How To Use Decision Tree Algorithm C5.0 In Day Trading?

In this post we are going to discuss how we are going to predict the pip movement in the next 5 minutes using the machine learning decision tree C5.0 algorithm. Did you read the previous post on developing an artificial intelligence machine learning forex indicator? In that post we discussed in detail how we can use artificial intelligence machine learning in developing a forex indicator which learns from experience and keeps on modifying its behavior. Algorithmic trading has become very popular now a days. There are many hedge funds who employ algorithmic trading strategies.
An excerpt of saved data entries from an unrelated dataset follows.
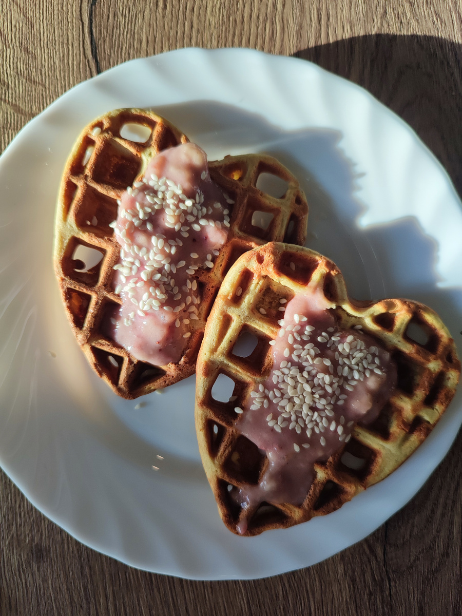 Здравствуйте! 👋 Сегодня я хочу предложить вам рецепт вафель из нутовой муки. Нут богат белком (целых 22,4 г на 100 г❗), витаминами В1, В6, В9, калием, магнием, фосфором, марганцем и медью. Вафли из нутовой муки получаются сытными, поэтому если ими позавтракать, энергии точно хватит на 3 часа до следующего приёма пищи. ИНГРЕДИЕНТЫ : 🔹Нутовая мука - 1 стакан 🔹Овсяное молоко - 1 стакан 🔹Соль по вкусу 🔹Сода - 1/3 ч.л. 🔹Льняной урбеч - 1 ч.л. 🔹Банан (большой) - 1 шт. 🔹Ягоды сезонные/замороженные 🔹Семена кунжута для украшения РЕЦЕПТ: 1️⃣ В большую миску высыпать нутовую муку, соль и соду. Хорошо перемешать. 2️⃣ В другой миске смешать 2/3 стакана тёплого овсяного молока и льняной урбеч, тщательно размешать почти до полного растворения урбеча. ▪️Перетёртые семена льна мы используем вместо яиц, чтобы тесто "схватилось". 3️⃣ Добавить жидкие ингредиенты в миску к сухим. Размешать венчиком до консистенции сметаны и оставить тесто настаиваться 10-15 минут. Пока ждём приготовим соус. 4️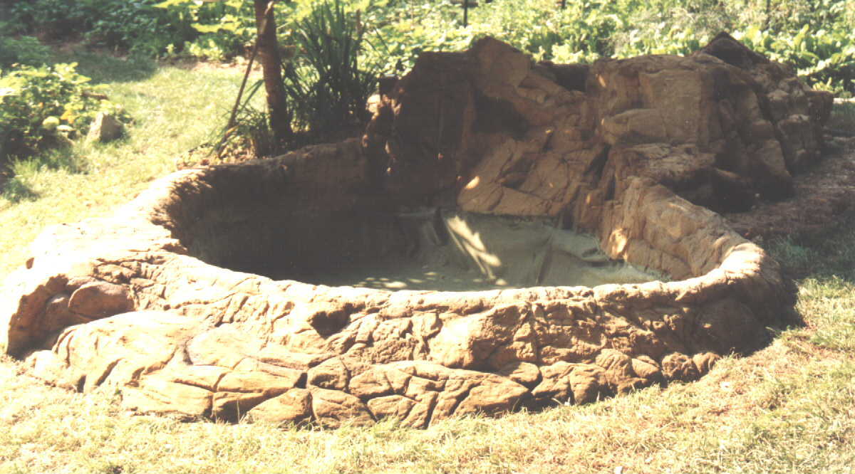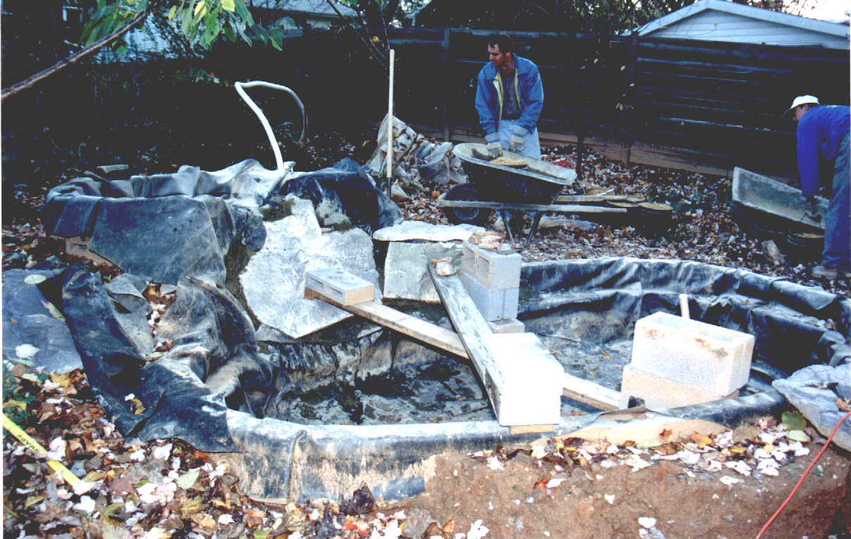 The only drawback to this was the extra expense and I had to apply generous amounts of lime to neutralize the acid wash around the soil of the pond. Another option would be to add pigment to the concrete while mixing. This may be desired if you cannot replace the surrounding soil. Through our constant trampping on the dirt and the chemicals I had to remove a good 6 inches of soil and replace it when I was ready to install my plants around the pond. This destroyed soil is currently being rebuilt near my compost pile. It will probably take several years at least to renew, but I did see a good population of "critters" inhabiting this soil the last time I disturbed it.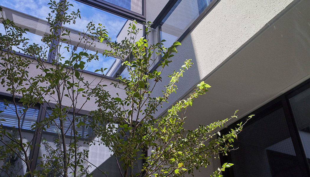 中庭:中庭のエゴノキの緑が住む人と來客に四季を感じさせてくれます。

There are people who specialize in algorithmic and quantitative trading and are popularly called Quants.

Do you want to become a Quant?

If you want to become a Quant you should have an advanced degree in maths. But there are many people like us who have learn how to code and how to do machine learning on their own just by reading books on the subjects of machine learning with python and R. Read this post in which we explain why you need to learn Python, R and machine learning if you want to master algorithmic trading. Python and R are 2 very powerful machine learning and data analysis languages that are being used by traders now. Developing algorithmic trading strategies and back testing them using these languages gives you the edge when it comes in developing winning automated trading strategies. You can watch this documentary on the impact of automated trading systems on the markets.

What Are Decision Trees?

Decision trees are frequently used in machine learning and data mining. C5.0 algorithm is one algorithm that is used to automatically build a decision tree using the concept of entropy. There are many other algorithms also that can be used to build the decision trees until it finds a tree with minimum entropy. C5.0 algorithm keeps on building decision trees until it finds a tree with the minimum entropy. Entropy is measured in bits. This is a concept that has been borrowed from information theory. There are some problems when you use decision trees. The most important problem that you can face is the problem of noise. A decision tree is highly susceptible to noise in the data. We need to be careful and try not to overfit the data to a decision tree. Overfitting makes the problem of noise more serious. So we will avoid overfitting the data when we build the decision tree. Entropy is a concept that might be new for you. You can watch this video below which explains this entropy concept.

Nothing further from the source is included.